Definition
Attention is the mechanism that lets a neural network weigh how much each part of the input matters when processing a given element. Rather than treating every token in a sentence as equally relevant, an attention layer learns, for each token, a set of weights over all the other tokens — focusing computation on what is contextually important. It is the core operation inside the transformer architecture and the reason modern language models can keep track of meaning across long stretches of text.
The query-key-value formulation
Attention is usually described with three learned projections of each token. The query represents what the current token is “looking for.” Each token also exposes a key, representing what it can offer, and a value, the actual content to be retrieved. To process a token, the model compares its query against every key to produce a similarity score, normalises those scores into weights (via softmax), and then takes a weighted sum of the values. The result is a new representation of that token that has absorbed information from the tokens most relevant to it. Done for every token at once, this is a fast, parallel matrix operation.

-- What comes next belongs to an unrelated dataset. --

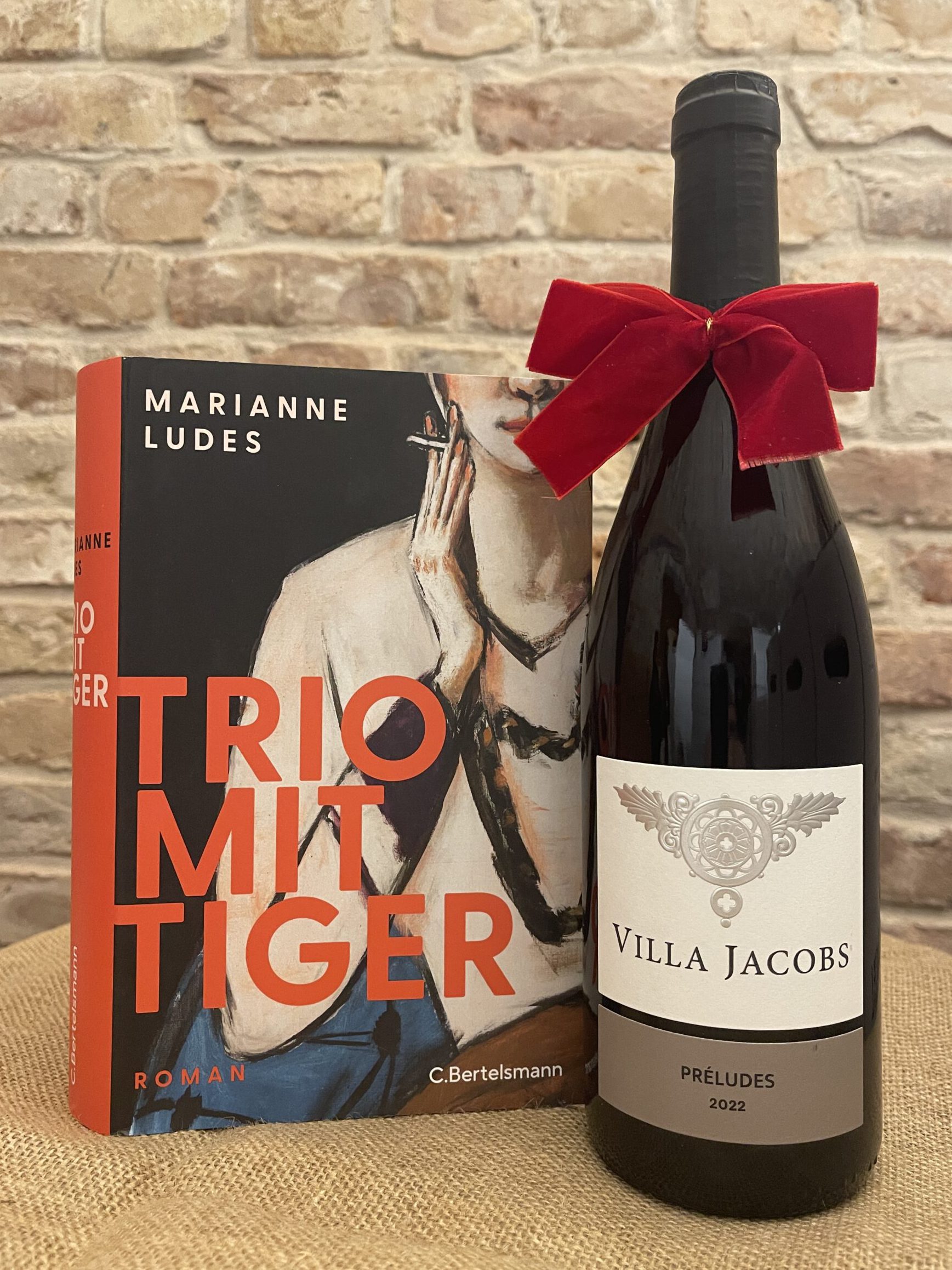 Der Roman „TRIO MIT TIGER“ (erschienen im August 2025) von Marianne Ludes im Paket mit einer Flasche unseres Préludes zum Preis von 50 €.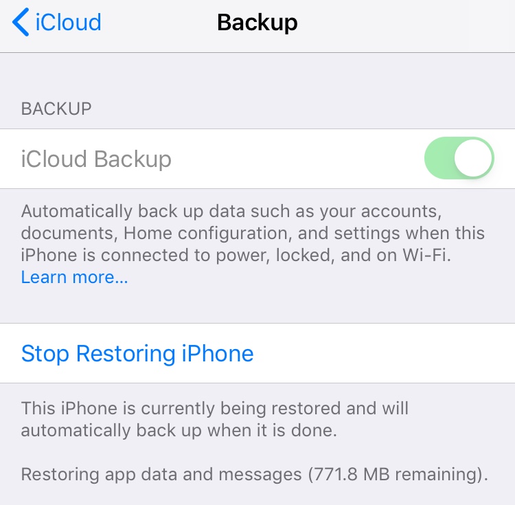 - When it finishes, you will go through the normal setup screens as if it were a new iPhone out of the box. Go through this process as normal; and when the time comes, select to restore from a previous iCloud backup. Select your most recent backup.

Self-attention vs cross-attention
Self-attention applies this process within a single sequence: every token attends to every other token in the same input, building a context-aware understanding of the sentence — letting the word “it” pull meaning from the noun it refers to, for instance. Cross-attention instead connects two different sequences: a decoder generating a translation can attend to the encoded source sentence, linking the output it is producing to the input it is reading. Self-attention builds internal context; cross-attention bridges separate information streams.
Multi-head attention
A single attention pass captures one kind of relationship. Transformers run several in parallel — multi-head attention — where each “head” learns its own query, key, and value projections and can specialise in a different pattern: one head might track grammatical subjects, another long-range references, another local word order. Their outputs are combined, giving the model a richer, multi-faceted view of how tokens relate. This redundancy and specialisation is a large part of why transformers are so capable.
Why it mattered
Before attention, sequence models were mostly recurrent, processing tokens one at a time and passing a running state forward. That made them slow and poor at linking words far apart, since information had to survive many sequential steps. Attention compares all tokens directly and in parallel, capturing long-range dependencies in a single operation and mapping cleanly onto the parallel hardware that trains large models. The 2017 paper “Attention Is All You Need” showed that attention alone — no recurrence — could outperform prior approaches, and the transformers it introduced became the foundation of virtually every modern large language model.